● ASSIGNMENT
From the data below, please reproduce exactly everything from the line that contains "Magnifique arbre abritant" down to the line that contains "(Màu xanh lá)", with both ends included.

● ENTRIES SHOWN

------

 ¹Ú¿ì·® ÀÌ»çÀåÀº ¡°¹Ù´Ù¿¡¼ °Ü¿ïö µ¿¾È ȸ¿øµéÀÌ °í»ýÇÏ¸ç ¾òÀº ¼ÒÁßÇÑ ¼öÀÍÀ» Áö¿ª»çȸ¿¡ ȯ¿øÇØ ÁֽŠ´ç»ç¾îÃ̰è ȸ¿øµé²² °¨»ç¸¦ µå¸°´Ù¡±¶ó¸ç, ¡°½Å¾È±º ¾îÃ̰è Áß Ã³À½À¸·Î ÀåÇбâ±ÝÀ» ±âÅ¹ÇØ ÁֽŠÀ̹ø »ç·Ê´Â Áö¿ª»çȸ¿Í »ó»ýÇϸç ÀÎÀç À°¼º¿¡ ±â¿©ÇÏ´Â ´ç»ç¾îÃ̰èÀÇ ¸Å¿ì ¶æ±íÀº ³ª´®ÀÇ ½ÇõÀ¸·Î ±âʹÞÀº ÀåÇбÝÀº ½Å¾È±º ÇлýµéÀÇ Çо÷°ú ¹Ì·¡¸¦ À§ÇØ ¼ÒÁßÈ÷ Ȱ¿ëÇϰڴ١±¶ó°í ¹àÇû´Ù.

------

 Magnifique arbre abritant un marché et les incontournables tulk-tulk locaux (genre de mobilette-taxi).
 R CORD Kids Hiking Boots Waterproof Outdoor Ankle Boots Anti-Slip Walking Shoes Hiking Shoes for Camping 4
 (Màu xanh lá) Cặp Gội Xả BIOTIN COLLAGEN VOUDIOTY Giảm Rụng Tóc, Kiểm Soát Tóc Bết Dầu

------

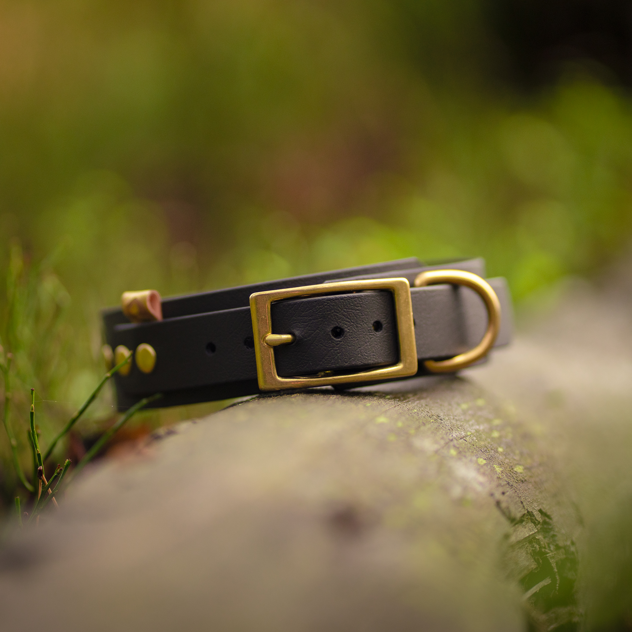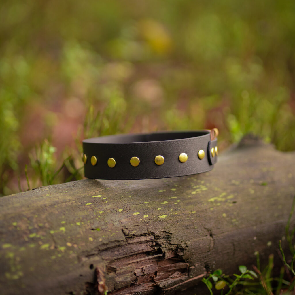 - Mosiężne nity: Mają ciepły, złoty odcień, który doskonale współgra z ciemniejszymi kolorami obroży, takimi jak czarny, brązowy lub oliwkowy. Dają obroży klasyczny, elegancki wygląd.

------

● FINAL ANSWER
 Magnifique arbre abritant un marché et les incontournables tulk-tulk locaux (genre de mobilette-taxi).
 R CORD Kids Hiking Boots Waterproof Outdoor Ankle Boots Anti-Slip Walking Shoes Hiking Shoes for Camping 4
 (Màu xanh lá) Cặp Gội Xả BIOTIN COLLAGEN VOUDIOTY Giảm Rụng Tóc, Kiểm Soát Tóc Bết Dầu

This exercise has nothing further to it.